Step 4. Graduating CS agents into the business
Good people bring good people
A customer service department is only ever as good as the people who work in it and Johann knows exactly what type of person he is looking for – people who think for themselves, see the wider aspect and relentlessly question things.
“We’re a fast-growing startup so at this stage, customer support should be a stepping stone to other parts of the business. I don’t want career customer service people until our growth slows down and we’ve set up all our processes. Right now, I need eager agents who are keen to prove themselves and then move on to another challenge in our company. I think it’s really hard to find career customer service types who’d also fit into our dynamic culture.”
Johann (front center) with his customer support team.
Having grown from a team of eight to 35, Johann has had to do his fair share of hiring while still trying to maintain the same standard of work.
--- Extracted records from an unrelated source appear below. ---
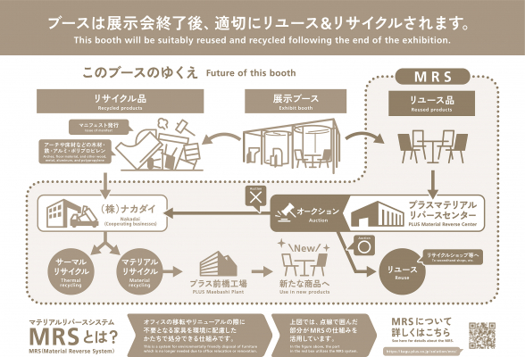 プラス ファニチャーカンパニーは、今後もサステナビリティの観点から、製品開発はもとより、展示会出展ブースの素材選定・制作・廃棄の各工程において環境負荷軽減を目指してまいります。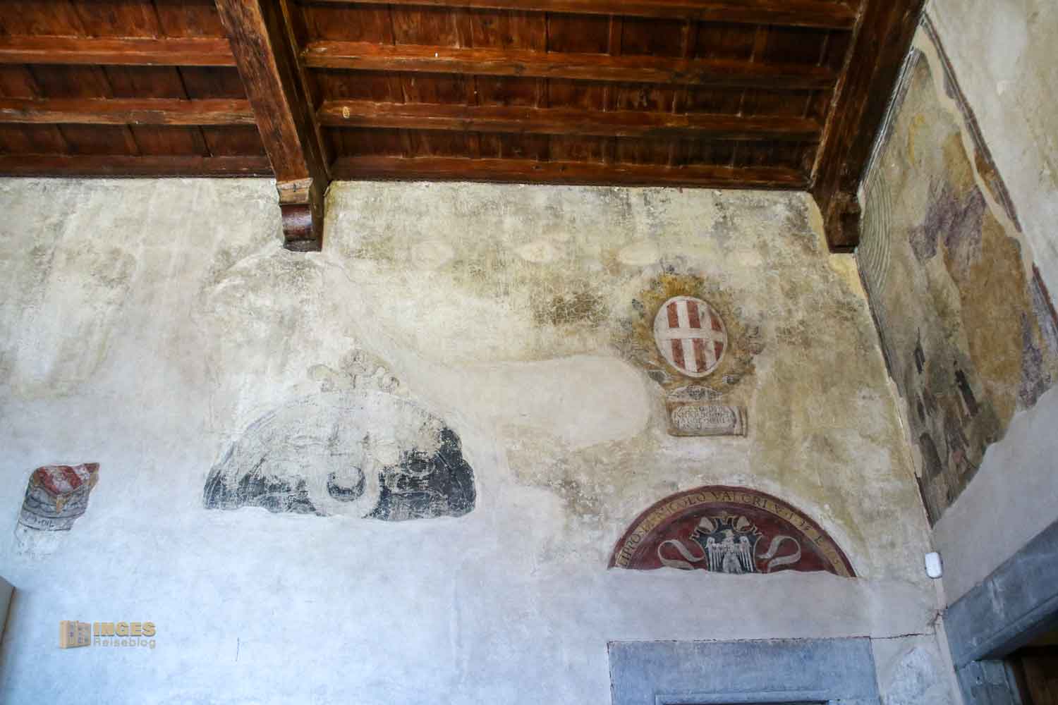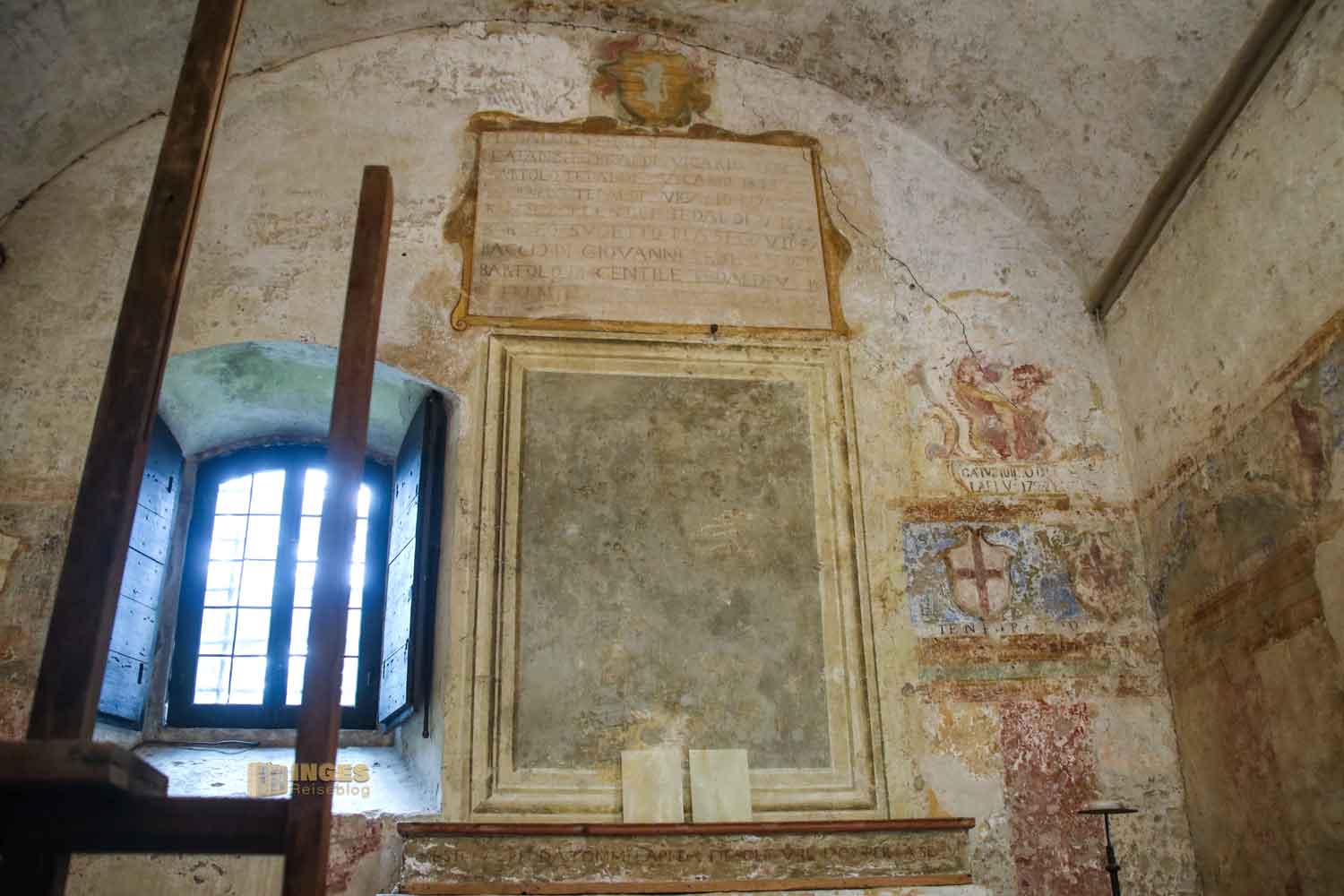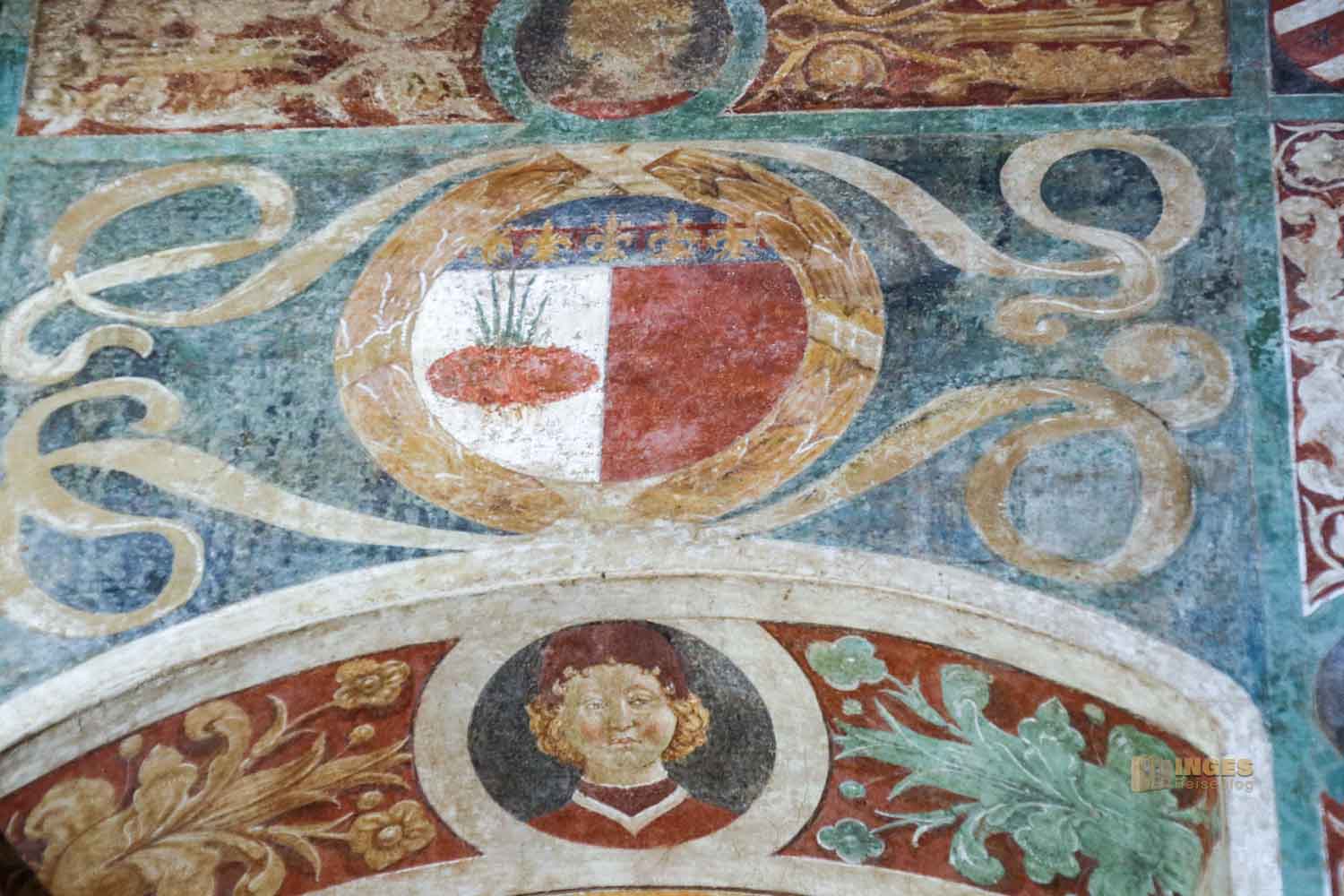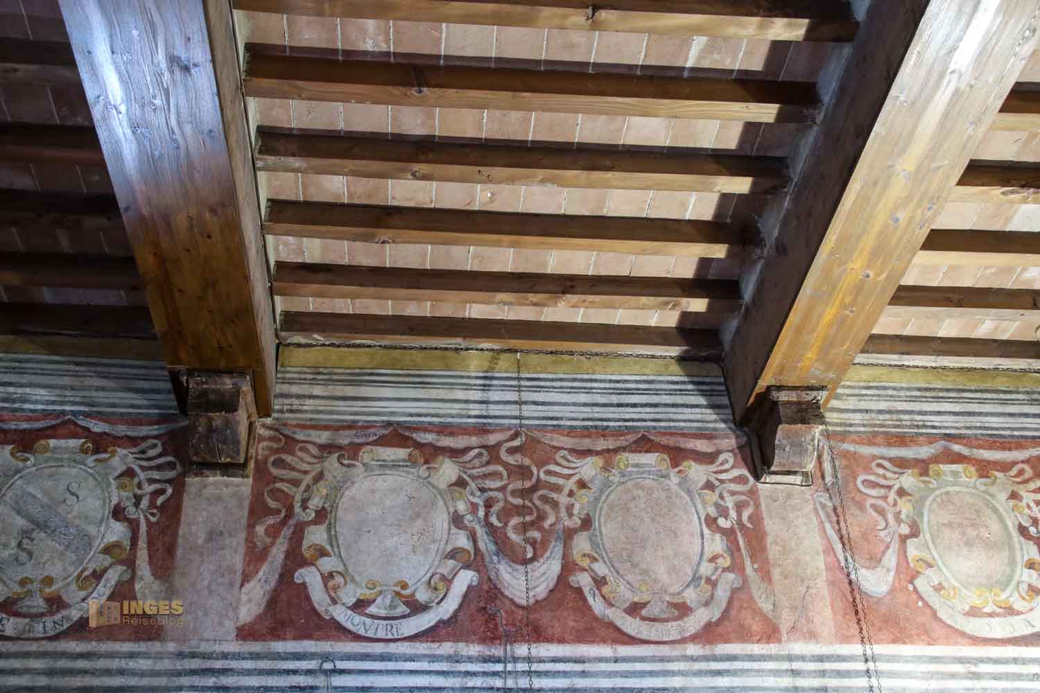 Kein Anfangsbau ist für die Ewigkeit, auch eine Burg oder ein Palazzo nicht. Anfang des 15. Jahrhunderts wurde hier großzügig erweitert, und der Vikar bekam seine private Kapelle. Die nützte er aber nicht für das Gebet, sondern auch um sich mit den Bürgermeistern seines Vikariats zu treffen. Die Wappen an den Wänden verdeutlichen, wer dazu gehörte.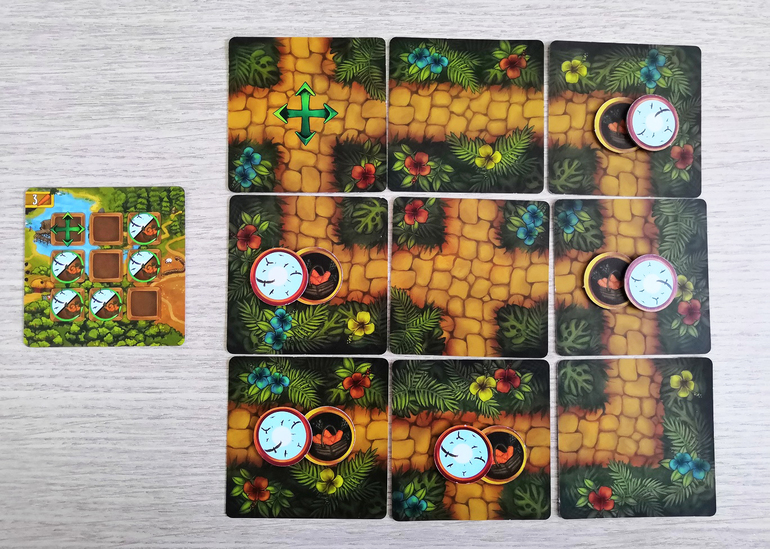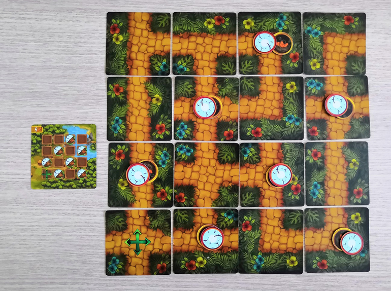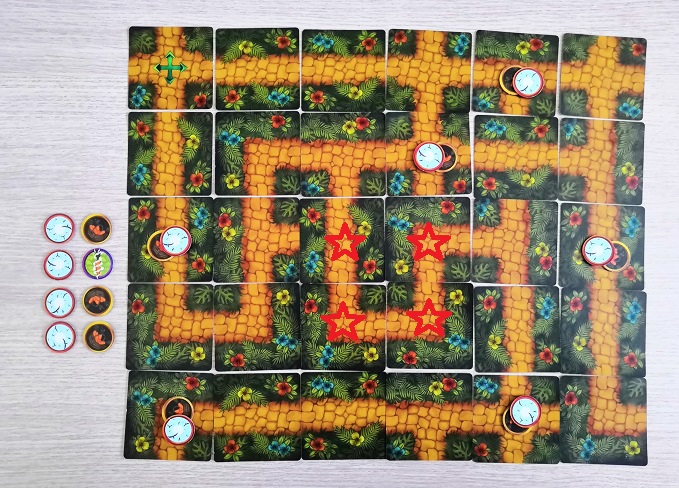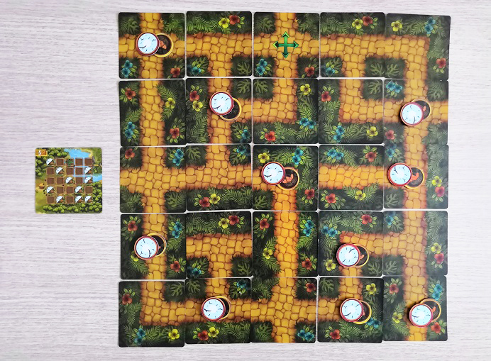 Открывается карта приключения, на стол выкладывается карта с крестиком - это выход из лабиринта и переворачиваются часы.... За 1 минуту игрокам всем вместе нужно построить один лабиринт.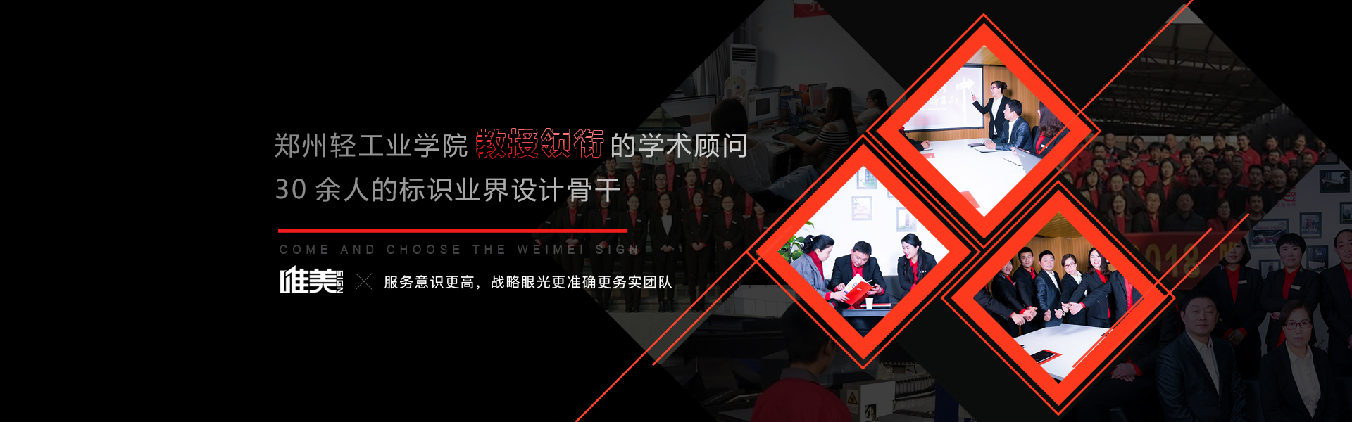 鄭州唯美標(biāo)識設(shè)計制作有限公司是一家專注從事地產(chǎn)住宅、商業(yè)廣場、商務(wù)辦公、醫(yī)院系統(tǒng)、學(xué)校文化、工業(yè)園區(qū)、市政交通、旅游景區(qū)、酒店餐飲、銀行金融、城市環(huán)境標(biāo)識標(biāo)牌系統(tǒng)規(guī)劃、設(shè)計、制作、...
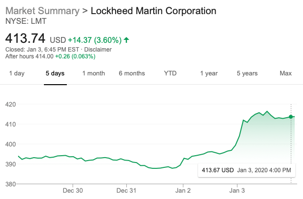 The stock price per share for Lockheed Martin Corp. rose considerably on the announced drone/Hellfire RX9 strike against a target in Iraq on January 3. The price appears to have risen just prior to the announced attack.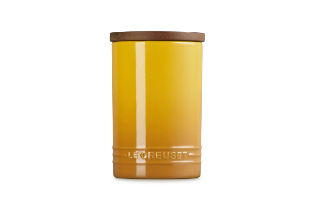 Pojemnik kuchenny marki Le Creuset o pojemności 0,77 L to praktyczny i stylowy sposób na przechowywanie codziennych produktów. Solidna konstrukcja została uzupełniona o elegancką akacjową pokrywkę z silikonową uszczelką, która skutecznie chroni zawartość przed wilgocią i utratą aromatu. To doskonałe miejsce na kawę, herbatę, cukier czy ulubione przekąski. Model należy do kolekcji obejmującej także inne rozmiary, dzięki czemu z łatwością dopasujesz zestaw do swoich potrzeb. Ustawiony na blacie nie tylko zapewnia dodatkową przestrzeń do przechowywania, ale też dodaje wnętrzu subtelnego, naturalnego charakteru charakterystycznego dla marki Le Creuset.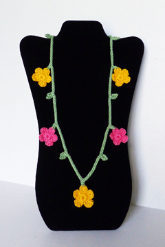 This Vine Necklace is just the answer for embellishing any outfit. Using size 3 crochet thread, it works up quickly and adds a bit of “whimsy” to your day! Crochet all 3 chains of only the flower chain with any colors you desire!

He feels lucky to have a strong foundation of hard-working, reliable, driven, self-starting people. That along with a good culture has encouraged existing team members to refer their like-minded friends, who then already know that onboarding is only a week long and not very thorough so they need to learn fast and hit the ground running. It’s a learning-by-doing culture and the whole team pulls together to get the new person up-to-speed.
Training to leave
Johann’s department doesn’t have an official progression plan in place yet but new hires know there are opportunities because they know they’re replacing a top achiever who got poached to another part of the business, and this motivates them to do well.
Existing agents can jump on opportunities to get trained up as an expert in a subject-field, which gives them a valuable glimpse into what’s happening in other parts of Zip Co. Most of these subject experts eventually transfer into the respective department. One would think that Johann finds this a little frustrating since the knowledge base in his team is in constant flux, but he sees it differently:
“Since January this year, I’ve lost somebody almost every two weeks because they’ve been with me for almost a year, done exceptional work and basically caught the eye of another department. In the last five months, I've almost completely changed out my team, but that's the nature of it. It’s a spinning wheel. And ultimately, it’s amazing for the company because my people have the most product knowledge of anyone at Zip Co, and they’re taking that knowledge into those different departments. When someone goes through customer service, they understand what's working but, more importantly, what’s not working. To then take that deeply customer-centric person and introduce them to other parts of the business is invaluable because you suddenly have an entire company full of people who are completely in tune with the customer pain points and they are making decisions that benefit the customer.”